ともに生きる・福祉のページ
京都新聞掲載「ともに生きる」「福祉のページ」の記事をネット上で紹介するコーナーです。
コラム「暖流」

「ともに生きる」をテーマにした福祉コラムです。

羅針盤

立命館大教授 津止正敏



 羅針盤について記そうと思う。

 中国ではすでに3世紀ころから磁力を持った針を木片に埋め込んだ方位磁針(羅針盤)のようなものが使われていたそうだ。この木片を水に浮かべることで、羅針盤とほぼ同様の機能を実現していたといわれている。この技術はその後世界に広がり、ルネサンス期の船舶工学など諸科学の飛躍的な発展の中で劇的に改良された。それによって航海術は著しく発達し、新航路の開拓が相次いで、15世紀にはじまる「大航海時代」を迎えたといわれている。方位磁針(羅針盤)がなければコロンブスやバスコ・ダ・ガマたち大航海時代の英雄たちのあの大発見もなかったに違いない。幾つもの小さな世界を一挙にひとつながりにしたのを支えた羅針盤の始まりが小さな針を埋め込んだ木片だと思えば、気の遠くなるような先人たちの知恵の更新に驚愕(きょうがく)する。目まいがするような気もする。

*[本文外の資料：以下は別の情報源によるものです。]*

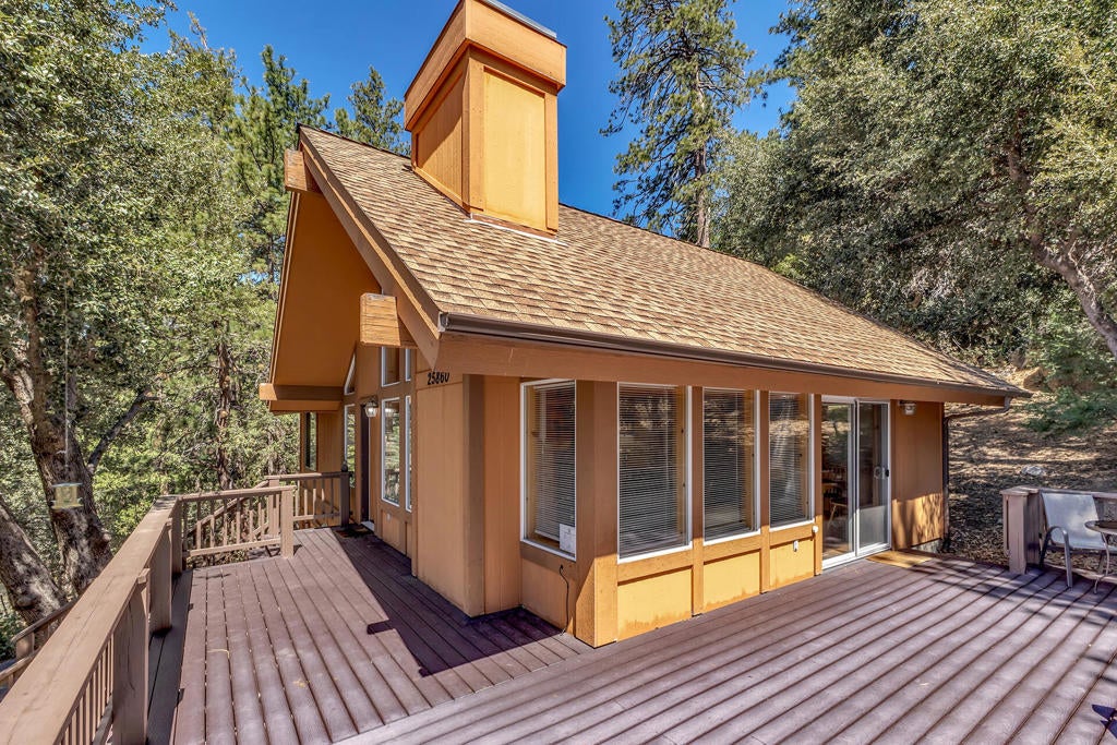 Don't miss your opportunity to make this your Idyllwild get-away or full-time residence! This lovely, low maintenance, move-in-ready home on .19 acres in popular Fern Valley features a very large, light and airy open living room with huge wood-framed picture windows, propane rock fireplace, and vaulted ceilings, as well as a bonus open loft area. The open kitchen offers a breakfast bar with ample seating and plenty of storage and cabinets, and there is a separate dining area off the living room. The two spacious bedrooms provide plenty of closet space and the primary bedroom features an en suite .75 bath. There is also a .75 guest bathroom, separate laundry area, additional closet storage, and dual pane windows throughout. Surrounding the home, the property features a very large composite wrap-around deck with plenty of room for gatherings large and small, and the home is nestled between live oaks, beautiful granite boulders, and lofty pines for the perfect balance of sunlight and privacy. Additionally, this beautiful property includes a one-car extended garage with a work bench and cabinets. Sunset View curves into Shady View, which is a cul-de-sac, allowing for additional peace and quiet. Best of all, this amazing property comes fully furnished. All you need to pack is your toothbrush and you're ready for mountain living at its finest. The property, which is located .9 miles from downtown Idyllwild, is readily accessible to numerous restaurants, shops, and hiking trails. Don't miss out on this MUST SEE property.

 さて、私たちの目の前にあるもう一つの「大」の付く時代に話を移してみよう。もちろん「大介護時代」だが、この言葉は樋口恵子さんの著書(『大介護時代を生きる』2012年)に登場する。なぜ「大」が付くのか。個別家族という小さな世界に封印されてきた「介護」がいよいよ介護社会という大きな世界に向かうから、に違いない。いまだ私たちがその完成形を見たことがない新しい介護の世界を発見しようというから、に違いない。

 だからこそ介護の「羅針盤」だ。「大介護時代」にはそれにふさわしい介護の方位磁針(羅針盤)が必要なのだ。そうでなければ、いままさに介護に船出せんとする私たちは暗闇の荒海に翻弄(ほんろう)されただただ漂流・難破する筏(いかだ)船のような運命を甘受するしかないに違いない。いまこの時代の介護の羅針盤は木片に針を浮かべた程度の粗末なものでしかないのかもしれないが、現代科学の粋を集めた精巧な羅針盤づくり、この時代を生きる私たちに課せられた一大テーマである。



つどめ・まさとし氏
1953年、鹿児島県生まれ。立命館大学教授。大学院社会学研究科修士課程修了。
京都市社会福祉協議会(地域福祉部長、ボランティア情報センター長)を経て、2001年から現職(立命館大産業社会学部教授)。2009年3月に「男性介護者と支援者の全国ネットワーク」を発足させ、事務局長を務める。著書に『ケアメンを生きる−男性介護者100万人へのエール−』『男性介護者白書―家族介護者支援への提言−』、『ボランティアの臨床社会学―あいまいさに潜む「未来」−』、『子育てサークル共同のチカラ−当事者性と地域福祉の視点から−』など。